Acaba que, depois de morto, ficou bem mal falado. Muita calúnia, sabe? Um tal de Nikita disse horrores a seu respeito e os inimigos do Zé trataram de aumentar cada ponto e espalhar lixo sobre seu túmulo. Uma covardia.

Chamo Marx de Carlos e Stálin de José – como o leitor e a leitora, sagazes que são, já manjaram – porque me considero um típico brasileiro, e os brasileiros costumam abrasileirar tudo e todos que lhe dão no afeto e na inteligência.

Karl Marx, Friedrich Engels, Vladimir Lênin e Joseph Stálin são quatro estrangeiros que se tornaram parte da constituição intelectual e moral de gerações e gerações de conterrâneos deste que aqui tecla essa já comprida lenga-lenga. Carlos, Frederico, Vladimir e José tornaram-se referências no Brasil a partir dos anos 20 do século passado e logo foram reconhecidos como clássicos do pensamento revolucionário que move todo o revolucionário digno deste título. E o que os faz clássicos? Enunciados que você lê e diz: – Bingo! É isso. Tipo "na natureza, nada se cria ou se destrói; tudo se transforma", manja? Ou, "a história de toda sociedade até aqui é a história da luta de classes".

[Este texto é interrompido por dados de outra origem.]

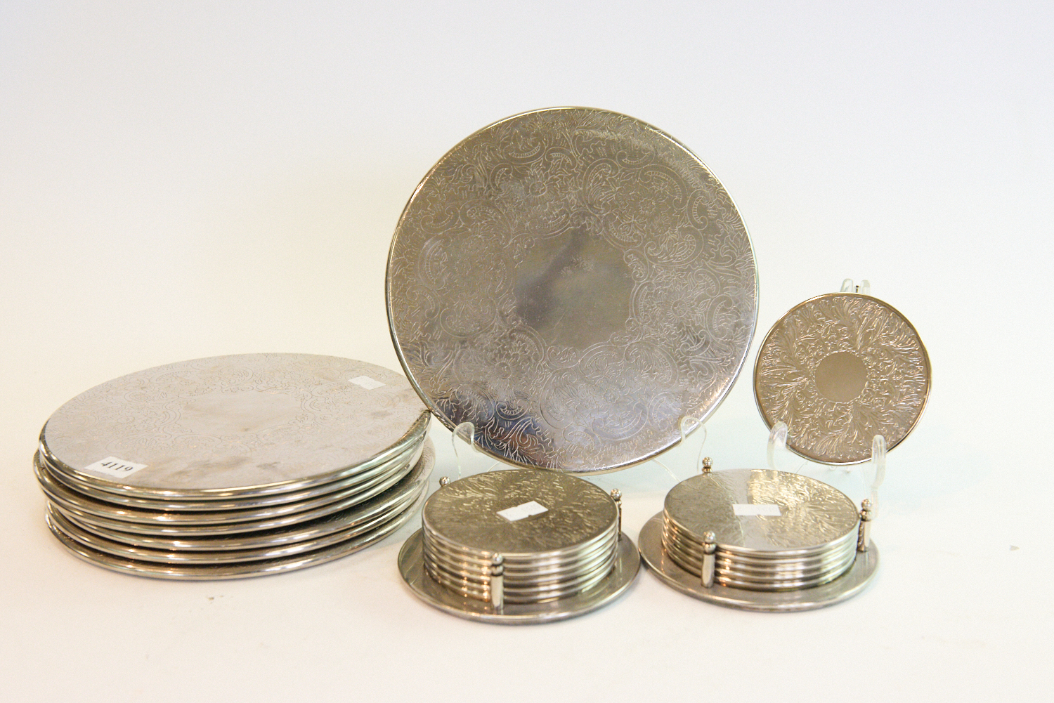 A SET OF EIGHT SILVERPLATED COASTERS DIA. 20CM TOGETHER WITH 12 DRINK COASTERS DIA. 9CM, LEONARD JOEL LOCAL DELIVERY SIZE: SMALL

Tenho acompanhado as homenagens ao natalício de Carlos. Esses dias mesmo, assisti a uma mesa de seminário sobre o legado dele para o pensamento social. Nesta mesa, como em muitas oportunidades, ouvi loas ao gênio do alemão. As loas, porém, vinham acompanhadas, via de regra, de muitos 'mas'.

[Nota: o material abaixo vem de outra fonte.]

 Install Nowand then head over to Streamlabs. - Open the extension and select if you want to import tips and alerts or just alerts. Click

A maioria das conjunções adversativas que coalham as críticas ao Velho introduzem lamentos ao fato de ele não ter… previsto (?!) certas coisas. Well… nunca soube que o cidadão tivesse pendores cabalísticos ou quiromantes… de modo que ponho esse chororô na conta do suposto charme que alguns intelectuais se vêem obrigados a exibir para não serem taxados de acríticos ou dogmáticos por seus pares quando o assunto é Marx. Afinal, encontrar "inconsistências" na obra do cara é o hit do momento acadêmico mundial.

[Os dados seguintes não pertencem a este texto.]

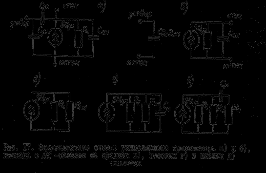 При анализе работы схем на униполярных транзисторах по переменному току используется малосигнальная эквивалентная схема транзистора, изображенная на рис. 17а. Здесь Ri – внутреннее дифференциальное сопротивление транзистора (сопротивление канала), S- крутизна стоко-затворной характеристики в рабочей точке, Сзн, Сзс и Ccн - межэлектродные емкости транзистора, называемые соответственно входной, проходной и выходной. Эту схему можно преобразовать в эквивалентную ей (рис. 17б), в которой фигурирует входная динамическая емкость транзистора Свхдин, определяемая соотношением Свхдин=Сзн+Сзс(1+К), где К - коэффициент усиления каскада по напряжению. На рис. 17в-д показаны эквивалентные схемы усилительного каскада отдельно для средних, высоких и низких частот. На средних частотах, когда реактивные компоненты схемы можно не учитывать, нетрудно получить формулу для коэффициента усиления по напряжению кu0=S(Ri||Rc||Rн). Учитывая, что в большинстве случаев Ri>>Rc и Rн>>Rc, кu0SRс.
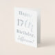 This simple and elegant silver foil birthday card design features a message like "Happy 17th Birthday, Jefferson!" on the front. The name ("Jefferson") can be changed to personalise the card. The inside features a customisable message like "May your 17th birthday be a happy and joyful one!". It could be given to somebody who is celebrating their seventeenth birthday. [~Z0000009]

Mas não são as acusações de incompetência profética que me fazem mossa. O problema é quando o cabra analisa a obra de Marx à luz das experiências socialistas até aqui vividas, e me sai com a frase "Não creio na inevitabilidade do Socialismo". Aí, cruzo os braços e me pergunto: E Carlos agora é padre, é? Cristo redivivo? Guru de seita exotérica? Que papo é esse de "acreditar"? O sujeito faz ciência e o cidadão vem com papo de crença?

Aí o elemento responde que o idealista, no caso, é o "Jovem Marx", presa de um determinismo próprio de uma modernidade marcada pelo otimismo e pela crença no progresso, etc e mais etecéteras.

Essa conversa de por em dúvida a inevitabilidade do socialismo é piada velha. Vincula-se a uma outra anedota pronta: a classe operária não cumpre mais papel central no processo transformador. Por outras palavras: não se pode afirmar que a referida classe seja "naturalmente", necessariamente, ontologicamente… revolucionária.

– Querem a prova? – desafiarão os marxólogos – Basta observar a história:

Trabalhadores apoiaram o nazi-fascismo na Europa. Eram compostos majoritariamente por camponeses os exércitos revolucionários da Rússia de 1917, da China de 1949, do Vietnã e da Coreia dos anos de 1950. A Revolução Cubana foi conduzida, não pelo partido comunista, tampouco por operários, mas por um movimento armado foquista, e as experiências radicais da América Latina se deram e se dão pela via institucional, conduzidas por forças não-comunistas. No século XXI, o protagonismo está com os movimentos identitários e com as massas pauperizadas, excluídas, não mais com os explorados. A classe operária aburguesou-se e quer café da manhã, almoço, janta, casa própria, carro do ano, celular e tela plana. Os sindicatos, por conta disso, abraçaram o pragmatismo e buscam resultados econômicos que melhorem a vida de seus associados. E tome-lhe etc e mais etcéteras.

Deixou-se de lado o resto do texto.